If you can't see how the snake bites its own tail here I can't really help you, but on-chain "assets" do nothing for a stable coin that needs to be secured by off-chain assets.
So basically you only "believe in" off-chain assets? That's fine, but it kind of removes you from any discussion of the details of blockchains. You've rejected their entire premise so why bother?
No, I am rejecting the notion of stable coins, which are by their own definition literal scams. But I am strongly suspecting that you are directly involved in such scams as you continue to muddle it with entirely unrelated issues just so to make it sound like this is a general problem and not a stable coin specific one.
No, I am rejecting the notion of stable coins, which are by their own definition literal scams.
By what definition is that?
That they can peg them to a currency like the USD. Unless you are the United States of America, that is literally impossible. But even if you discard that technical impossibility, none have even close to the assets required to even approximate a peg, so it is a scam both theoretically and practically.

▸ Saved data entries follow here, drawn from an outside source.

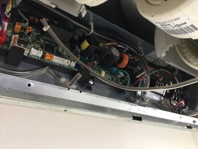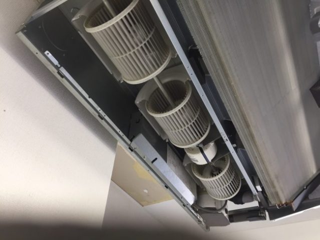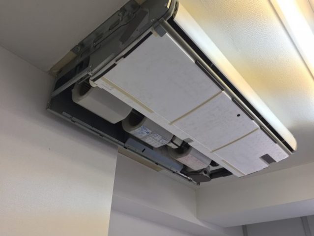 三菱製とダイキン製の天吊り1方向でどちらも同じ大型サイズです、横幅が2メートル超えなので私が両手を広げても届きませんので、この背面パネルを留めてる1番最後のネジを取る瞬間この大きな鉄板のパネルが落ちてくるのでまぁ怖いです。
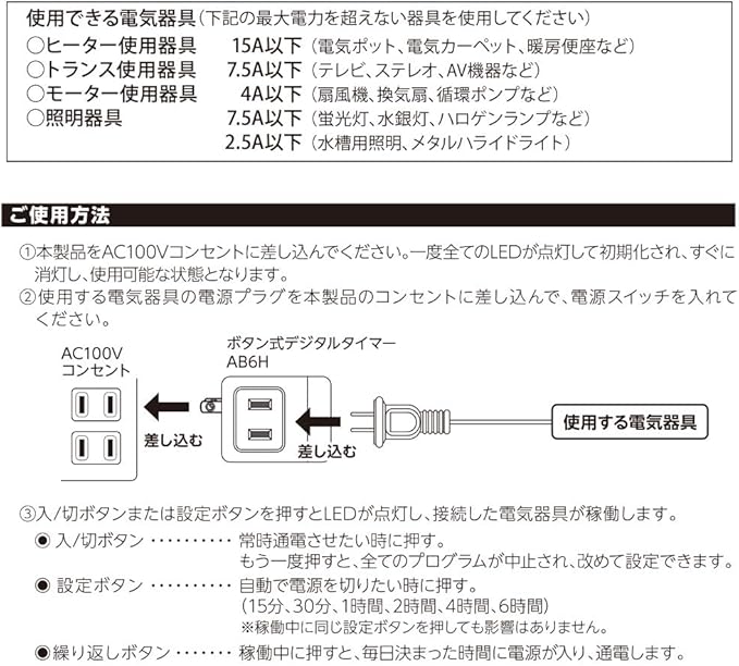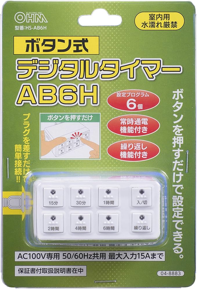 オーム電機 ボタン式デジタルタイマー タイマーコンセント AB6H HS-AB6H 04-8883
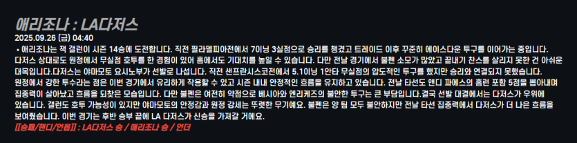 애리조나 : LA다저스
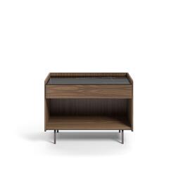 The LINK Bedroom harmonizes serene simplicity with function, featuring a streamlined bed and the matching bedside tables with Sahara Noir porcelain top, that balance utility and design.
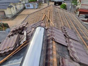 屋根瓦の手作業による撤去
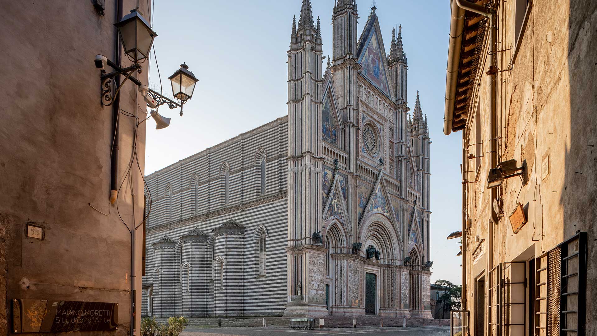 Η Ούμπρια είναι λοφώδης περιοχή, και θα χρειαστεί… ανάβαση για να φτάσετε από τον σιδηροδρομικό σταθμό κάθε πόλης στο κέντρο της. Κάθε πόλη, επίσης, έχει τον τρόπο της για να σας διευκολύνει. Στο Ορβιέτο θα πάρετε το τελεφερίκ (εισιτήριο 1,30 ευρώ). H πόλη είναι κτισμένη πάνω σε ένα βραχώδες ύψωμα και από μακριά μοιάζει με καρτ ποστάλ, ενώ εξίσου εντυπωσιακή είναι η θέα που προσφέρει τόσο στην καταπράσινη κοιλάδα που απλώνεται στα «πόδια» της όσο και στους λόφους που ορθώνονται στον ορίζοντα. Στο υψηλότερο σημείο της πόλης, δεσπόζουν οι πύργοι του τεράστιου Καθεδρικού Ναού της Κοιμήσεως της Θεοτόκου, που άρχισε να κατασκευάζεται το 1290 σε ανάμνηση ενός θαύματος που είχε συμβεί το 1263 στην γειτονική Μπολσένα, κατά την διάρκεια της Θείας Κοινωνίας, όταν αίμα κύλησε από τον άρτο που συμβολίζει το σώμα του Χριστού και λέκιασε το ύφασμα της Θείας Μεταλήψεως, το οποίο φυλάσσεται μέχρι σήμερα.
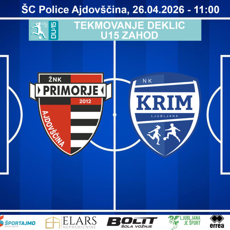 Primorje Tosla Nutricosmetics – NK Krim, Liga deklic U15, ŠC Police, Ajdovščina, 26.04.2026 – 11:00
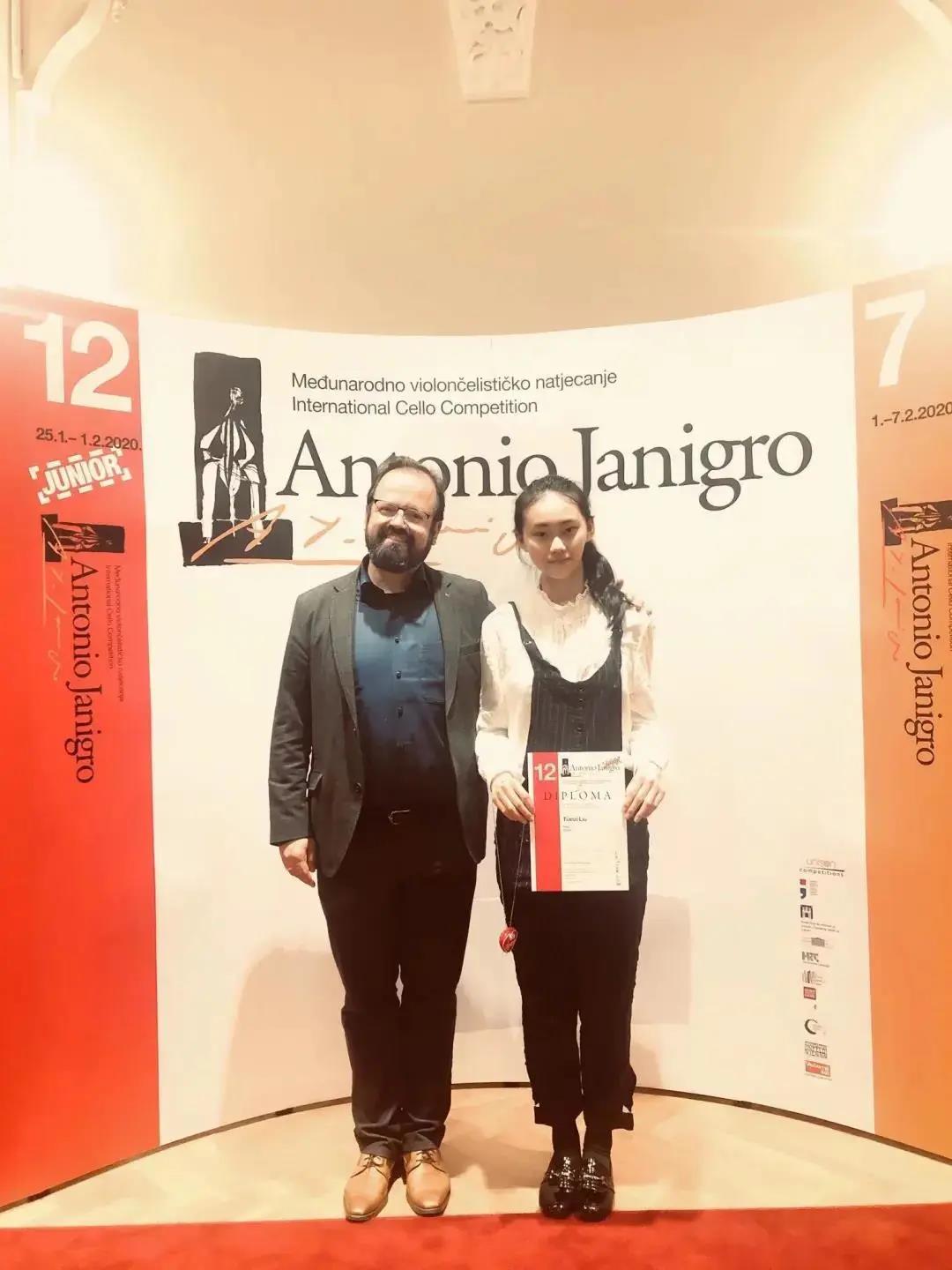 杨尼格洛国际青少年大提琴比赛是最著名的国际大提琴比赛之一,是为纪念著名意大利大提琴家安东尼奥·杨尼格洛所举办的。杨尼格洛出生于意大利米兰,自1939年起定居于克罗地亚首都萨格勒布,致力于推动音乐活动与音乐教育长达30年。比赛分为成人比赛和青少年比赛,经过严格筛选,来自全球26个国家148名青少年大提琴高手集聚克罗地亚首都萨格勒布。比赛在近200年建筑历史的克罗地亚音乐学院音乐厅举行。经过激烈角逐,刘天紫同学以突出的个性和感染力,赢得评委们的高度赞赏,也给现场观众留下深刻的印象。评委的评价是有着强劲的爆发力,难以捕捉的音乐感和魔力。
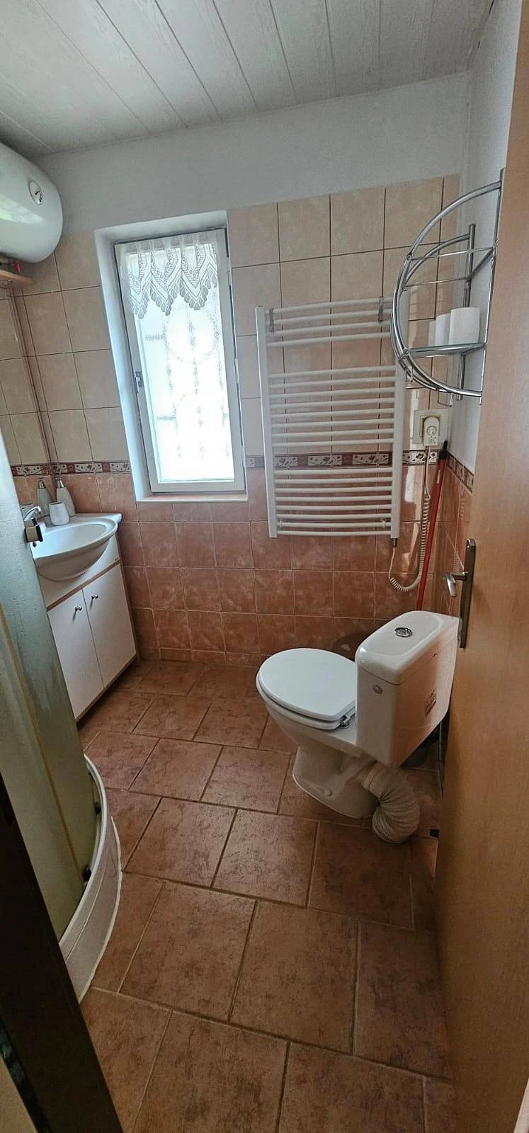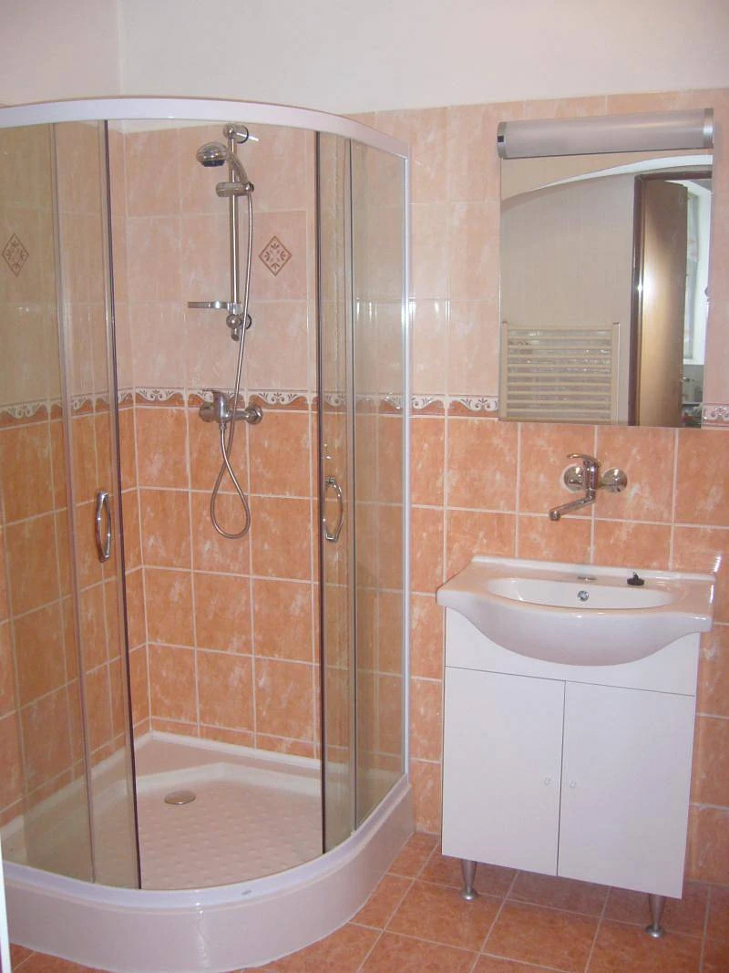 Jedna koupelna se sprchovým koutem, WC a umyvadlem.
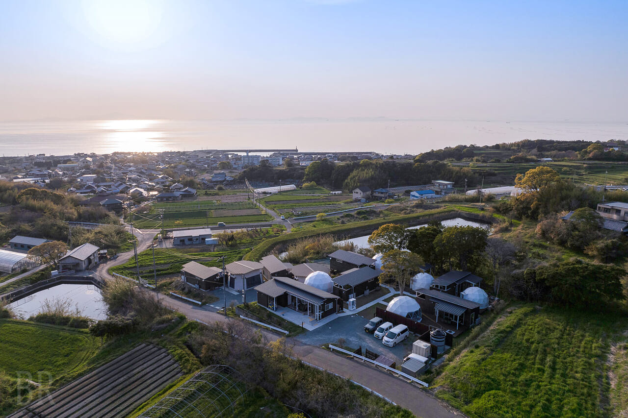 淡路島の高台に位置する「GLAMP TIME淡路」は、客室に天然温泉を備えた贅沢なグランピングリゾートです。
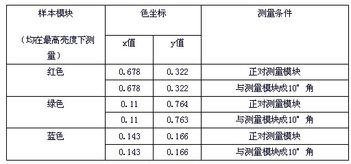 由表1可見,即使人為的偏離基準(zhǔn)測(cè)量位置達(dá)10°角,測(cè)得的色坐標(biāo)數(shù)據(jù)也沒有明顯變化,因此,除去儀器本身固有的精度等原因帶來的測(cè)量誤差,由人對(duì)儀器進(jìn)行操作帶來的測(cè)量誤差也基本可以忽略。
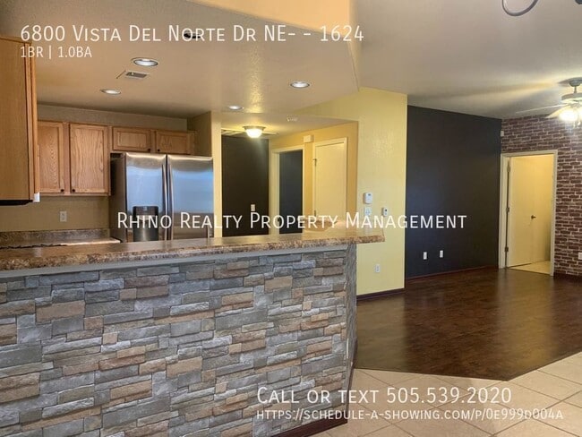 Located in Rancho Mirage, this beautiful 1 bedroom, 1 bath, 2nd floor condo is tucked away in a gated community. Closest intersection is Osuna & Vista Del Norte. I-25 is approximately 1.5 miles away. It has vibrant paint schemes, designer window coverings, and an open floor plan! There's an incredible mountain view from the private covered balcony and prime reserved parking space and garage right in front of unit. Vista Del Norte Park, Bernardo Trails Park, and Paseo De Estrella Park are not far. Close businesses, shops, and restaurants have Extra Space Storage, Vic's Daily Cafe, Milly's, Starbucks, Cracker Barrel, Denny's, Sprouts, Scarpas, Cliff's Amusement Park, Panera Bread, and P.F. Chang's. Nearby schools include, Mission Avenue Elementary, Taft Middle, and Del Norte High. Please call to schedule a viewing! Utilities: PNM & NM Gas in resident's name. $50 monthly water charge. Pet Policy: Be one (1) small, orderly domestic pet per unit; either be a dog, cat, caged bird, reptiles or a fish Weigh no more than 20 lbs. and is not taller than 17 inches when measured from the ground to the pets withers for four legged mammals, or an equivalent for other pet Be restricted at all times by either a leash no longer then eight feet long or secure electronic leash accompanied by an adult capable of controlling the pet or contained in a pet carrier when in any common areas Not to be determined to be a “dangerous dog” according to the Albuquerque Code of Ordinances known as Angel’s Law Not be a pit bull or pit bull mix Not be permitted to jump on other residents Vehicle/Parking Policy: Limit 2 Vehicles Assigned Potential Tenancy Fees: Please call to schedule a viewing! 1 Car Garage 2nd Floor Unit Assigned Parking Spot Close To Freeway Community Gym Community Pool Covered Balcony Gated Community Kitchen Bar Top Open Floorplan Refrigerated Air Washer/Dryer Water Wood Flooring
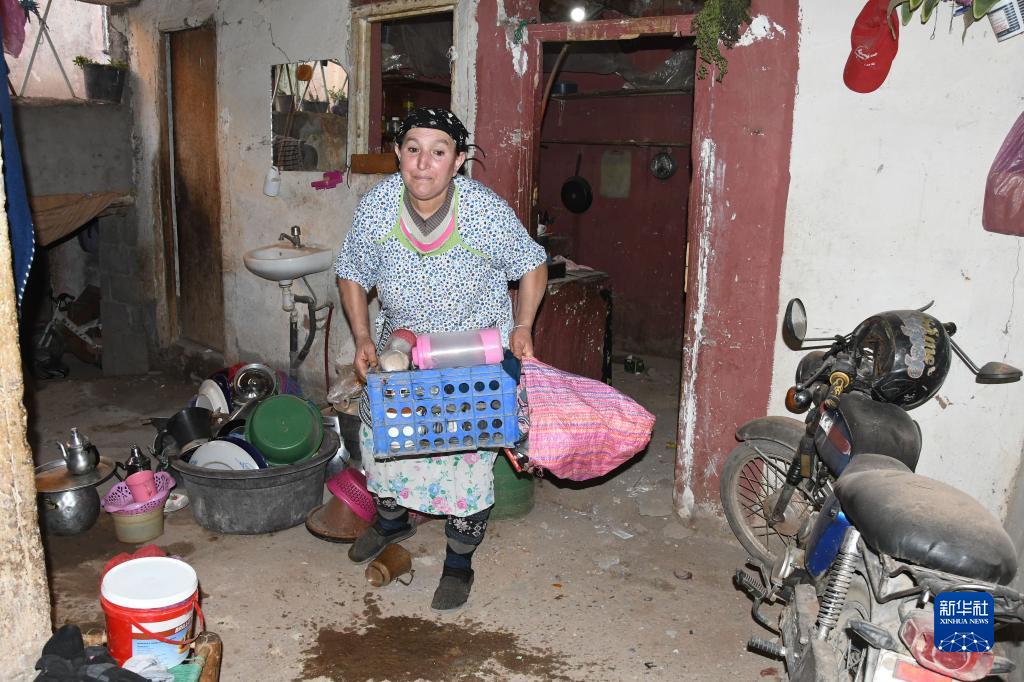 9月9日,在摩洛哥馬拉喀什附近,居民在家中進行清理善後工作。
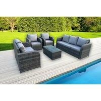 Set Dimensions: 1 x 3 Seater Sofa : 177W x 67D x 79H cm; 1 x Love Sofa : 124W x 67D x 79H cm; 1 x Square Coffee Table £65L x 65W x 34H cm; 2 x Reclining Chairs: 74L x 67W x 79H cm; Dark grey mixed rattan with dark grey fabric .Color may some difference due to light or monitor .we are unable to return the item due to color problem . The 2 armchairs are adjustable, you can adjust the inclination of the chair back from 90-130 through the button.the product is delivered on pallet,to kerbside only.
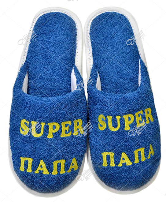 Тапочки с вышивкой "Супер папа". Ткань верха и следа - махровая ткань. Размер 42-43 длина по стельке 290 мм. Размер 44-45 длина по стельке 300 мм. Подошва ЭВА толщиной 4,5 мм. Обращаем внимание, что на данную категорию выпускаемой продукции даем гарантию только на изделие и вышивку. Цвета самих тапок и ниток могут меняться, идут в ассортименте. Теги: Тапочки, Мужские
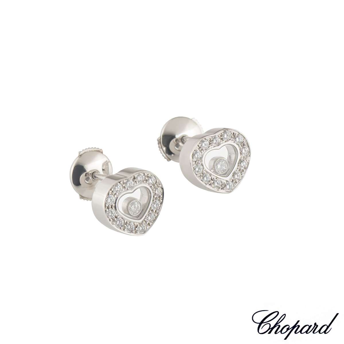 A pair of 18k white gold diamond earrings from the Chopard Happy Diamonds collection. The heart shape earrings have 24 pave set round brilliant cut diamond around the outer edges totalling 0.41ct. Complete with 2 single signature floating round brilliant cut diamonds behind Chopard signed glass totalling 0.11ct. Each stud is 1cm in diameter, with post and alpha back fittings and have a gross weight of 7.35 grams.
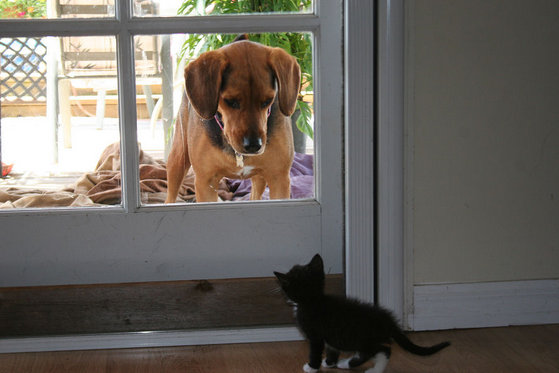 Snickers (Sandy and Bob's dog) and a new foster baby (April 2008) named Lucky.
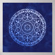 Söt blommor och prits mandala i en blå övertoning på en mörk blått texturerad bakgrund. Ett underbart tillägg till ditt meditationsutrymme eller yoga center-dekoration. Finns i andra färg-alternativ.
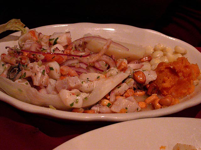 the anticuchos came with a pale green colored hot sauce as well as these "beans" that looked like enormously large corn kernels. ox heart tastes a little slimy and chewy, although the barbecue flavoring and the hot sauce made you forget about the texture. next came julie's cerviche. now i've heard that word before, but never really knew what it was.
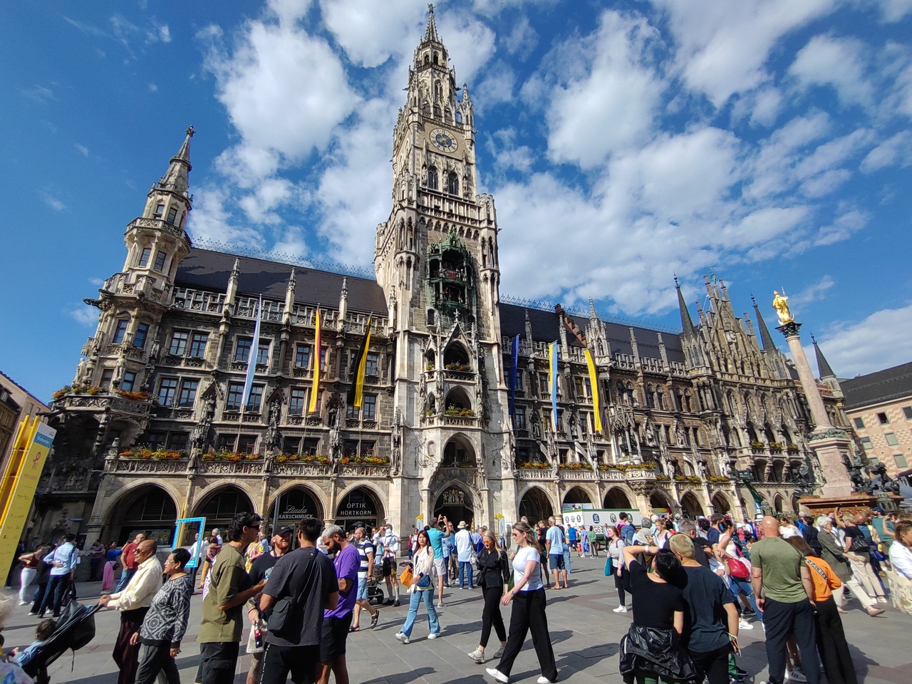 旅の最後にミュンヘンで一泊することになり、夕方2時間だけ観光できそうだったので、迷わずここに来ました。相変わらず人は多かったですが、数年前に訪れて見覚えのある風景に懐かしさが蘇りました。市庁舎の壁のザラザラした手触り感を記憶に残してあります。
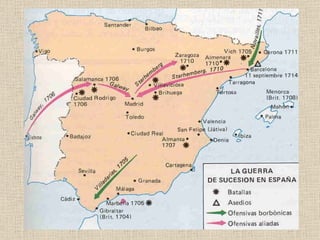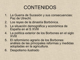 El documento resume la situación de España en el siglo XVIII bajo la dinastía Borbónica. Tras la Guerra de Sucesión, los tratados de Utrecht reconocieron a Felipe V como rey pero España perdió territorios europeos. Los Borbones centralizaron el poder e impulsaron reformas. La economía creció pero se mantuvieron problemas. La política exterior buscó recuperar territorios con alianzas francesas que llevaron a conflictos con otras potencias europeas.
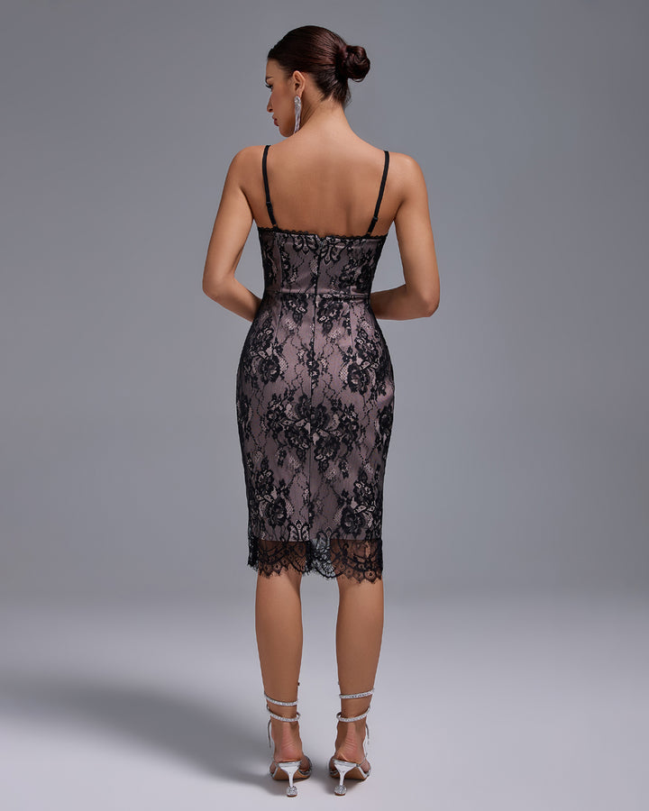 Turn heads in this seductive Sexy Lace Strappy Midi Bandage Dress. With its delicate lace and chic strappy design, this dress exudes confidence and elegance. Perfect for a night out or a special occasion, it will make you feel sexy and beautiful. Feel confident and stand out in this stunning dress.
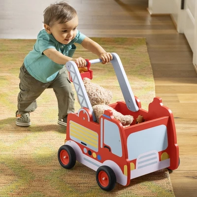 If your little boy or girl dreams of growing up to be a firefighter, give them an early start to feeling like a hero with our Wooden Fire Truck Walker and Push Toy! This durable, colorful truck measures 17¼”L x 15″W x 19¾”H, the perfect height for toddlers and beginning walkers (ages 12 months and up) as they gain confidence learning to walk and explore their world! This lightweight walker/push toy features easy-rolling, soft, non-marking EVA wheels that won’t damage your floors, so it’s perfectly safe for indoor use, and easily transported from room to room. The handle is at the perfect height for toddlers, and hanging from that handle is a small swinging bucket to keep much-needed snacks or tiny treasures. Kids can even store blocks, toys, blankets, and other special items in the truck’s compartment. Easy adult assembly takes approx. 10 minutes.

Here's DAI's peg over time. Over the past year it's had a high point of $1.0012 and a low of $0.9979, neither extreme lasting more than a brief spike. Seems like a pretty good peg to me. The mechanism by which it maintains its peg is complex, but fully transparent since it happens entirely on-chain.
Here's LUSD, another similarly algorithmically-pegged stabletoken. It's smaller than DAI so it's a bit less stable, it had one spike this year where it went all the way up to $1.029. But the mechanism is much simpler so if you're having trouble understanding DAI it might be an easier place to start.
I have no problem understanding that scams need to look good for a while to attract victims...
Your first example is tax fraud if you hide it
Edit: it looks like you edited your post to state the guy repairing your bike is "your friend".
Noone is going to go after him if he just fixes your bike. But if he fixes the bike of his 1000 friends each month, they will go after him if he didn't declare it.
That may technically be true, but it's currently very normalized. Do we actually want to denormalize it? Should the government know about every trivial transaction?
Which jurisdiction are you referring to? GNU Taler isn't specific to any particular country or currency.